Many magazines and press articles have described the ‘Mummy Wars’, in which fierce divisions exist between stay-at-home mothers and mothers in the paid workforce. It’s likely that both groups secretly envy some of the options enjoyed by the other. Hakim’s research would suggest that a large proportion of us would like the benefits of a timely return to work, but not at the expense of our children. It doesn’t seem too hard for employers and governments to meet this reasonable demand. If we also add an availability of fathers to do their part in the early years, then the problem is not insurmountable.
For a young couple contemplating starting a family, or with a new baby at home, it is important to do some hard thinking. We human beings are easily confused, and very much herd creatures. We do what everyone else does. We accept platitudes that really don’t make sense, but sound good. We are told ‘what’s good for you is good for them’. Also our own background has a big effect. If we don’t have a strong experience of parental love in our own childhood, we might not know what we are losing.
There is intense and intelligent discussion going on in the UK today about these choices.

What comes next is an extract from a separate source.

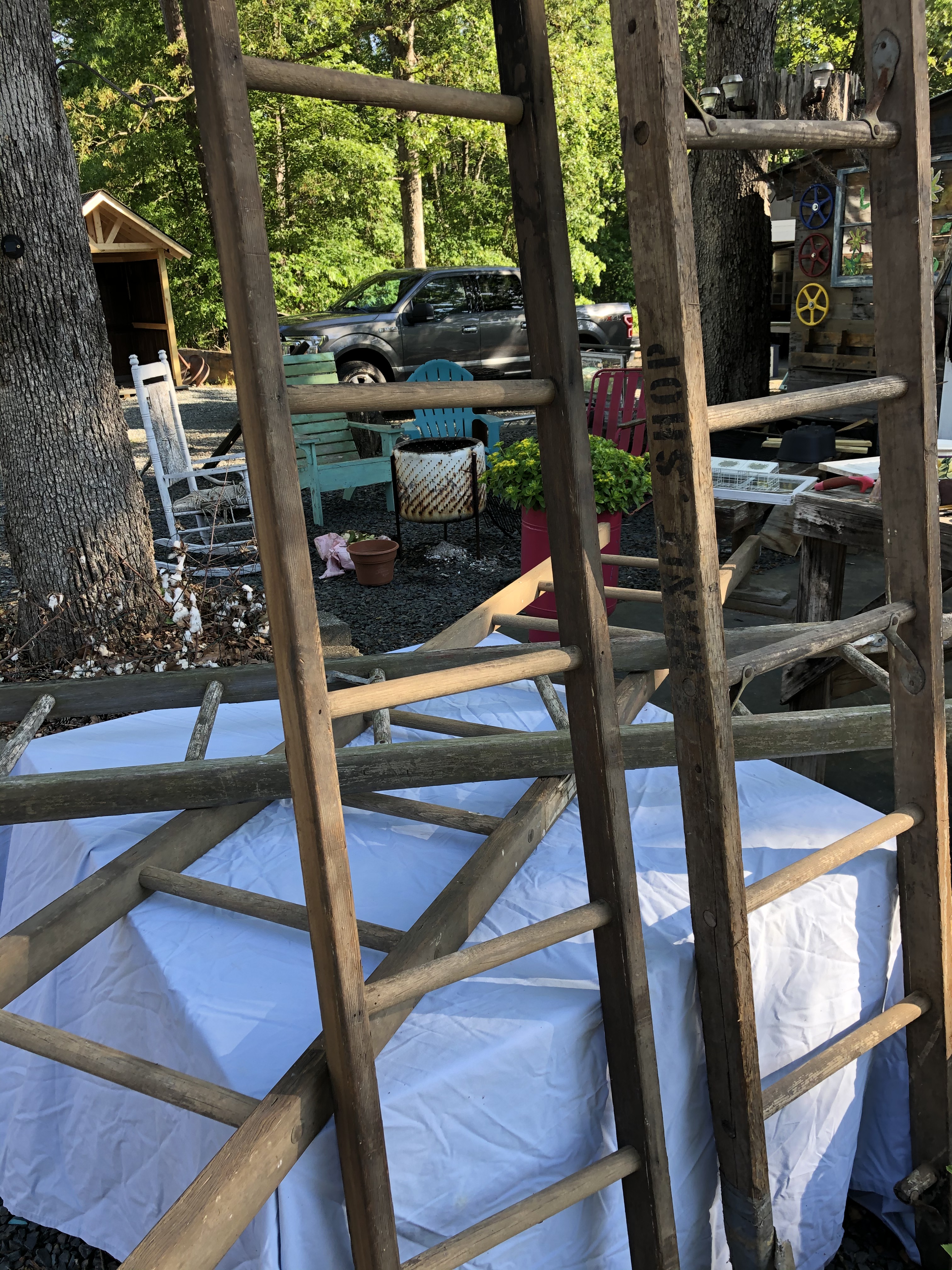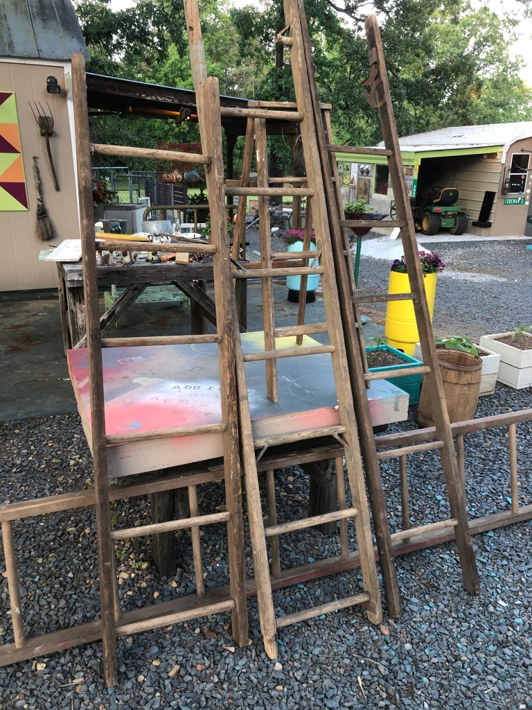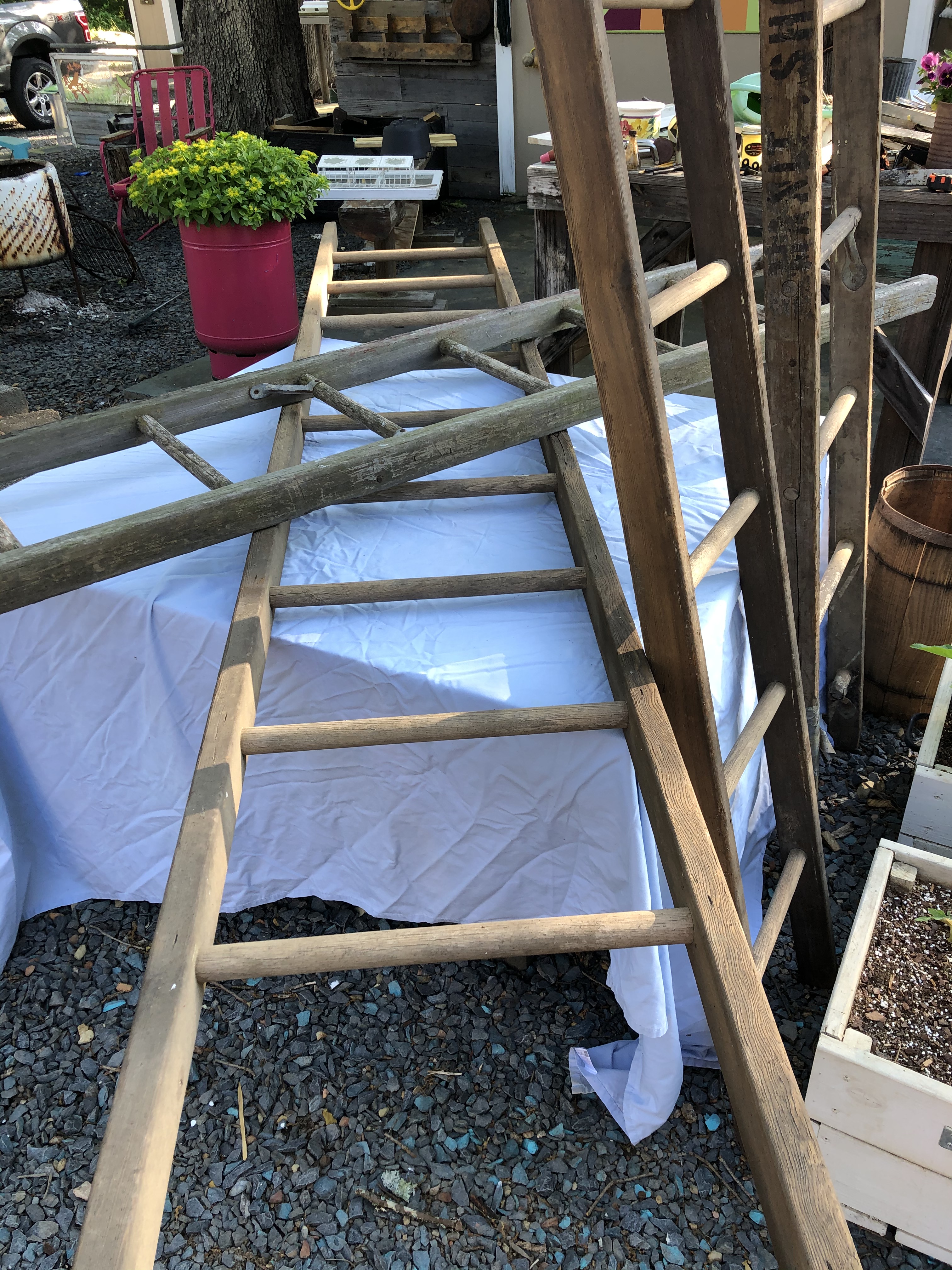 These wooden ladders were purchased at an auction over 30 years ago. They have been stored inside a barn out of the weather since that time. Ladders were used at the time of the auction so we have no idea of their age. They make great decorative items for weddings, social events, gardens, etc. There are various lengths and some could be cut to a desired length. There are more ladders than what you see pictured.

Parents in the past have often been fobbed off with bland reassurance, as if parenthood somehow softens the brain, but we are now more educated, more questioning and more networked than ever. And, fortunately, the answers are now emerging to address our concerns. In the following chapters, we will look at this in depth. The big question in choosing between slamming, sliding or staying at home, is: what is best from a child’s point of view?